» **THE DATA**:
_____
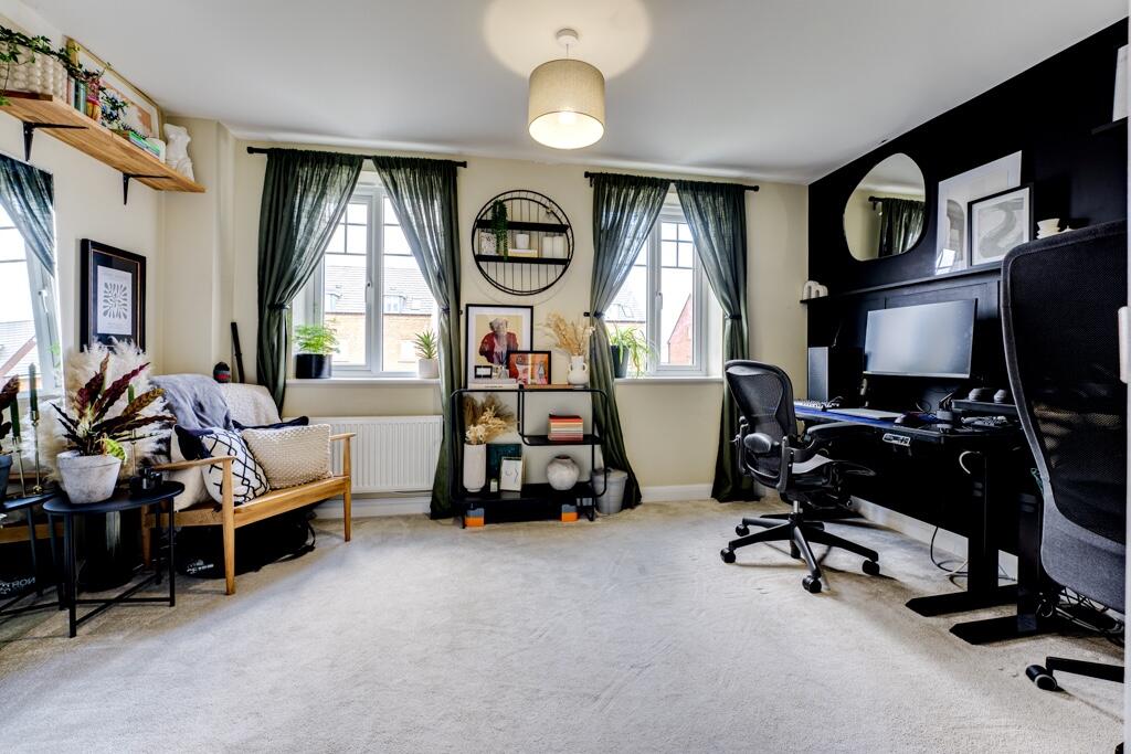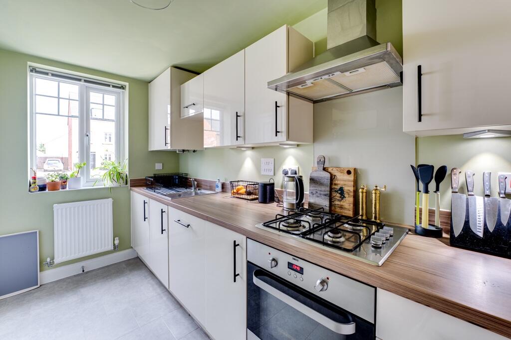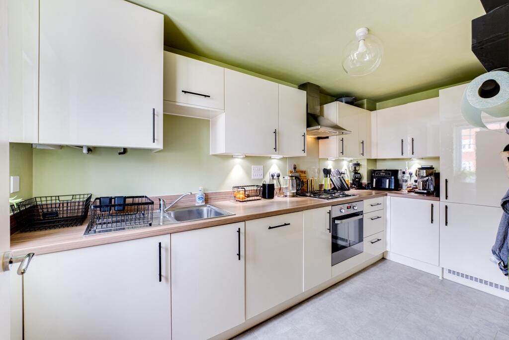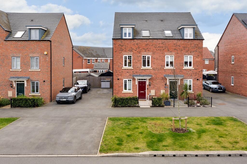 Located in the popular Hanwood Park development in Kettering, this modern three-bedroom, three-storey townhouse on Belton Road offers spacious and versatile living accommodation. The ground floor features a well-equipped kitchen at the front of the property, while the open-plan lounge and dining
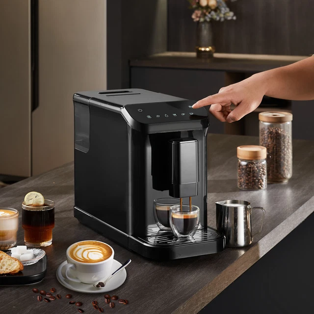 Machine à expresso , cafetière expresso 15 bars avec mousseur à lait et buse vapeur, machine à cappuccino latte semi-automatique professionnelle avec écran tactile et réservoir d'eau amovible, système de contrôle NTC Conception réfléchie : le réservoir d'eau amovible de grande capacité de 1,5 L vous évite d'avoir à le remplir fréquemment. Savourez l'essence d'un café parfait grâce à notre système de vapeur haute pression de 15 bars, qui extrait rapidement l'arôme profond du café et produit une infusion dense et aromatique. Le contrôle de la température PID garantit une température d'infusion optimale de 90 °C, pour un café de qualité supérieure Broyeur intégré et broyage réglable : notre machine à expresso automatique dispose d'un broyeur intégré et d'une trémie spacieuse de 180 g, vous permettant de transformer vos grains en expresso en quelques secondes Extraction à haute pression : améliorez votre expérience de préparation du café. De plus, la machine à expresso est dotée d'un rappel de détartrage, d'une protection contre la surchauffe et d'une protection automatique contre la libération de pression, assurant une fiabilité à long terme et prolongeant la durée de vie de la machine. Philips EP1224 - Machine à café expresso avec broyeur - Interface LED One touch - Détartrage De plus, le bac d'égouttage, le réservoir d'eau de 1,5 L et l'unité d'infusion sont facilement détachables pour un nettoyage pratique. Machine à expresso automatique VEVORDécouvrez l'excellence de l'espresso à la maisonLa machine à expresso automatique VEVOR allie commodité et performance pour offrir la tasse de café parfaite. Avec sa trémie à grains spacieuse de 180 g, vous pouvez déguster du café frais moulu sans avoir à les remplir fréquemment. SpécificationsNuméro de modèle de l'article : CM9002E-GSCapacité du réservoir d'eau : 1,5 LCapacité du récipient à grains : 180 gHaute pression : 15 barsParamètres de broyage : 1 à 15 niveauxCapacité de la tasse : 40 mLPoids du produit : 16,8 lb / 7,6 kgContenu du Colis1 x brosse de nettoyage Extraction à haute pressionL'extraction haute pression de 15 bars garantit que chaque tasse libère pleinement la riche saveur de vos grains de café. Notre machine à café élimine automatiquement les impuretés avant le démarrage et l'arrêt. Le système d'extraction haute pression de 15 bars et la technologie de chauffage rapide assurent que l'eau s'infuse pleinement du café, en extrayant une saveur riche et aromatique qui ravit vos sens. Doté d'un moulin intégré avec 15 réglages réglables et d'une extraction haute pression de 15 bars, il transforme sans effort vos grains préférés en un expresso riche et aromatique.
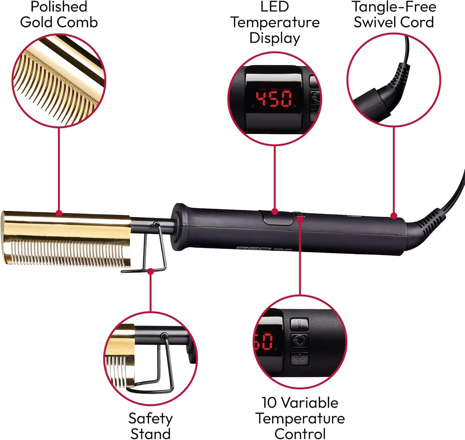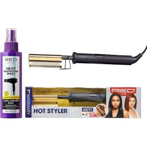 Red by Kiss Curved Hot Comb Hair Straightener & Heat Protector Bundle
_____
» **WHAT TO WORK ON**: Could every line above be set down exactly, with the pictures omitted?

» **SOLUTION TO THIS TASK**:
 Located in the popular Hanwood Park development in Kettering, this modern three-bedroom, three-storey townhouse on Belton Road offers spacious and versatile living accommodation. The ground floor features a well-equipped kitchen at the front of the property, while the open-plan lounge and dining
 Machine à expresso , cafetière expresso 15 bars avec mousseur à lait et buse vapeur, machine à cappuccino latte semi-automatique professionnelle avec écran tactile et réservoir d'eau amovible, système de contrôle NTC Conception réfléchie : le réservoir d'eau amovible de grande capacité de 1,5 L vous évite d'avoir à le remplir fréquemment. Savourez l'essence d'un café parfait grâce à notre système de vapeur haute pression de 15 bars, qui extrait rapidement l'arôme profond du café et produit une infusion dense et aromatique. Le contrôle de la température PID garantit une température d'infusion optimale de 90 °C, pour un café de qualité supérieure Broyeur intégré et broyage réglable : notre machine à expresso automatique dispose d'un broyeur intégré et d'une trémie spacieuse de 180 g, vous permettant de transformer vos grains en expresso en quelques secondes Extraction à haute pression : améliorez votre expérience de préparation du café. De plus, la machine à expresso est dotée d'un rappel de détartrage, d'une protection contre la surchauffe et d'une protection automatique contre la libération de pression, assurant une fiabilité à long terme et prolongeant la durée de vie de la machine. Philips EP1224 - Machine à café expresso avec broyeur - Interface LED One touch - Détartrage De plus, le bac d'égouttage, le réservoir d'eau de 1,5 L et l'unité d'infusion sont facilement détachables pour un nettoyage pratique. Machine à expresso automatique VEVORDécouvrez l'excellence de l'espresso à la maisonLa machine à expresso automatique VEVOR allie commodité et performance pour offrir la tasse de café parfaite. Avec sa trémie à grains spacieuse de 180 g, vous pouvez déguster du café frais moulu sans avoir à les remplir fréquemment. SpécificationsNuméro de modèle de l'article : CM9002E-GSCapacité du réservoir d'eau : 1,5 LCapacité du récipient à grains : 180 gHaute pression : 15 barsParamètres de broyage : 1 à 15 niveauxCapacité de la tasse : 40 mLPoids du produit : 16,8 lb / 7,6 kgContenu du Colis1 x brosse de nettoyage Extraction à haute pressionL'extraction haute pression de 15 bars garantit que chaque tasse libère pleinement la riche saveur de vos grains de café. Notre machine à café élimine automatiquement les impuretés avant le démarrage et l'arrêt. Le système d'extraction haute pression de 15 bars et la technologie de chauffage rapide assurent que l'eau s'infuse pleinement du café, en extrayant une saveur riche et aromatique qui ravit vos sens. Doté d'un moulin intégré avec 15 réglages réglables et d'une extraction haute pression de 15 bars, il transforme sans effort vos grains préférés en un expresso riche et aromatique.
 Red by Kiss Curved Hot Comb Hair Straightener & Heat Protector Bundle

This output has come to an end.